### Aim of the task:
Skipping all pictures, set down the lines of the listing from the first through the one with "企查查APP显示,近日,广州".

### Data excerpt:
+ + + +
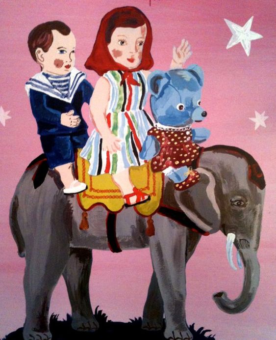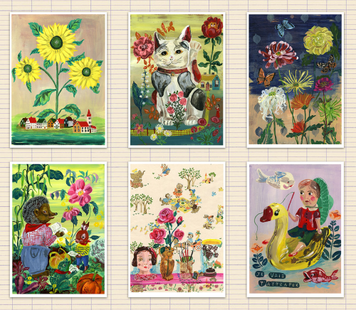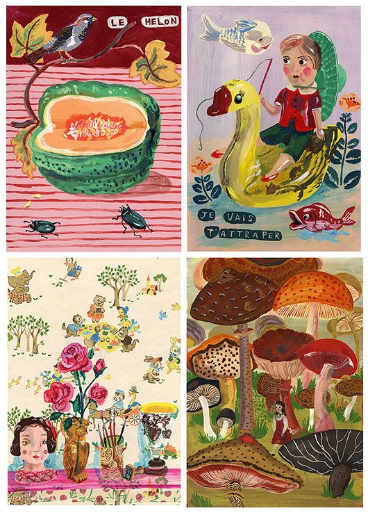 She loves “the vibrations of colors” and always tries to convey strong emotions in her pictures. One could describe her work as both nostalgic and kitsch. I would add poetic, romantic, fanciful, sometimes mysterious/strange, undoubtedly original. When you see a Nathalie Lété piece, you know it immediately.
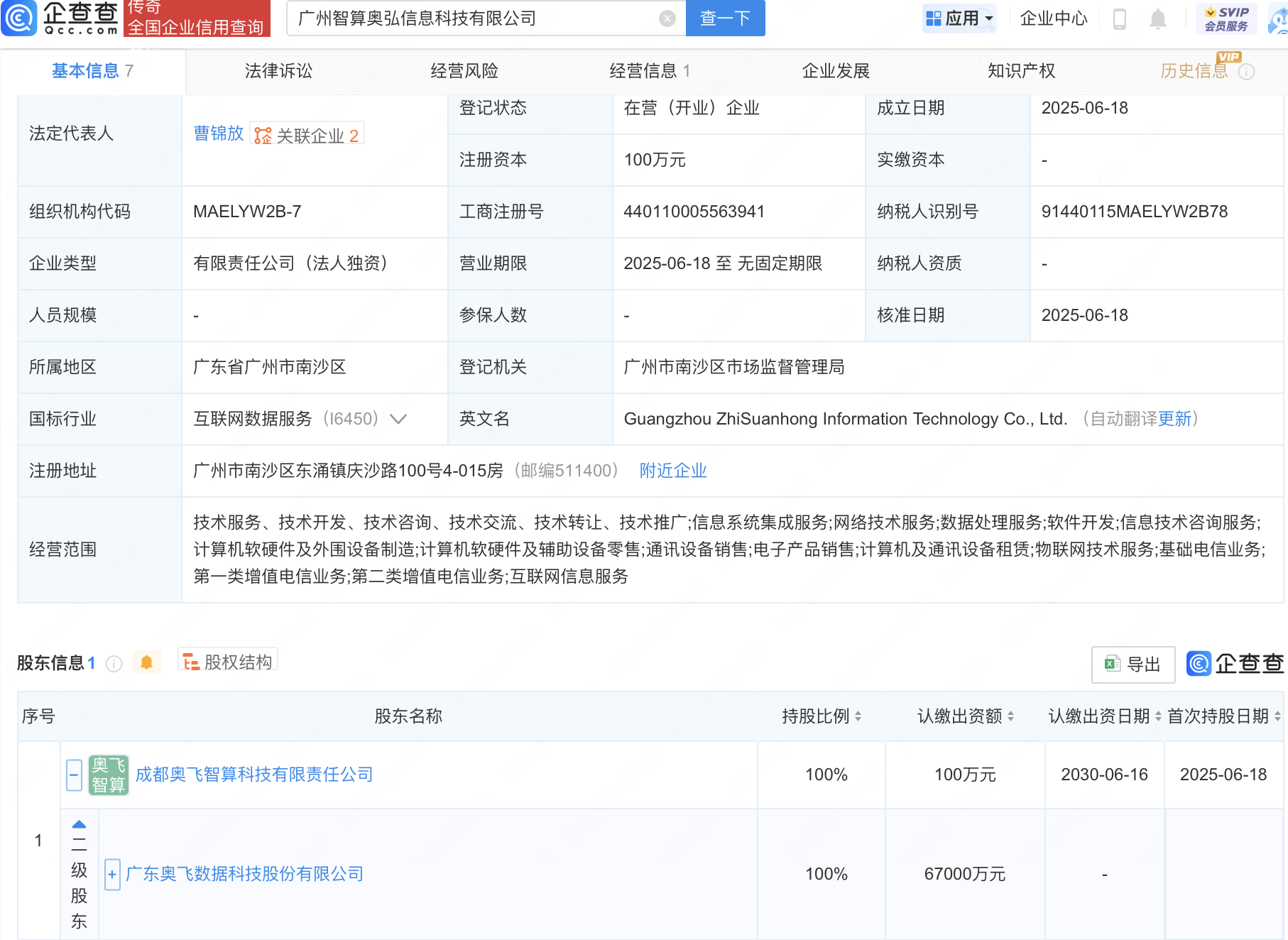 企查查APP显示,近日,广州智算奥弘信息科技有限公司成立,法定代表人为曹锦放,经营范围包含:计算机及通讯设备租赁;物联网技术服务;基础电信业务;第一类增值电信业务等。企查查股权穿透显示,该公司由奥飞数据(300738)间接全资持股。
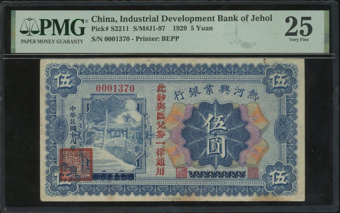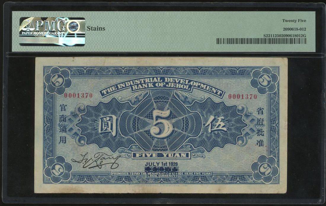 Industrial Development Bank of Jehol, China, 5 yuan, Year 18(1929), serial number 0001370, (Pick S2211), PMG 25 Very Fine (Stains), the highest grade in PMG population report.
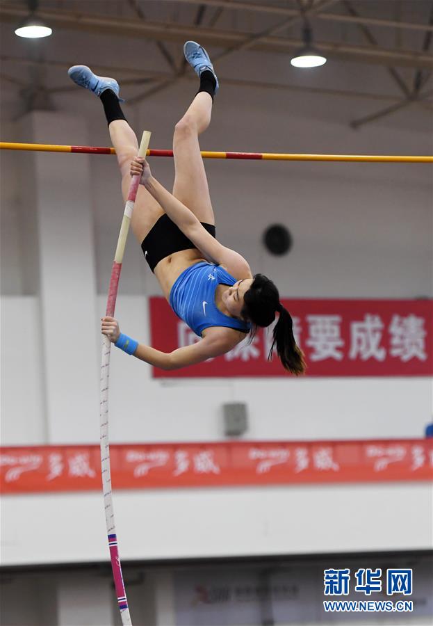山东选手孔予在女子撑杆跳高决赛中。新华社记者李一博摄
+ + + +
### Answer for this exercise:
 She loves “the vibrations of colors” and always tries to convey strong emotions in her pictures. One could describe her work as both nostalgic and kitsch. I would add poetic, romantic, fanciful, sometimes mysterious/strange, undoubtedly original. When you see a Nathalie Lété piece, you know it immediately.
 企查查APP显示,近日,广州智算奥弘信息科技有限公司成立,法定代表人为曹锦放,经营范围包含:计算机及通讯设备租赁;物联网技术服务;基础电信业务;第一类增值电信业务等。企查查股权穿透显示,该公司由奥飞数据(300738)间接全资持股。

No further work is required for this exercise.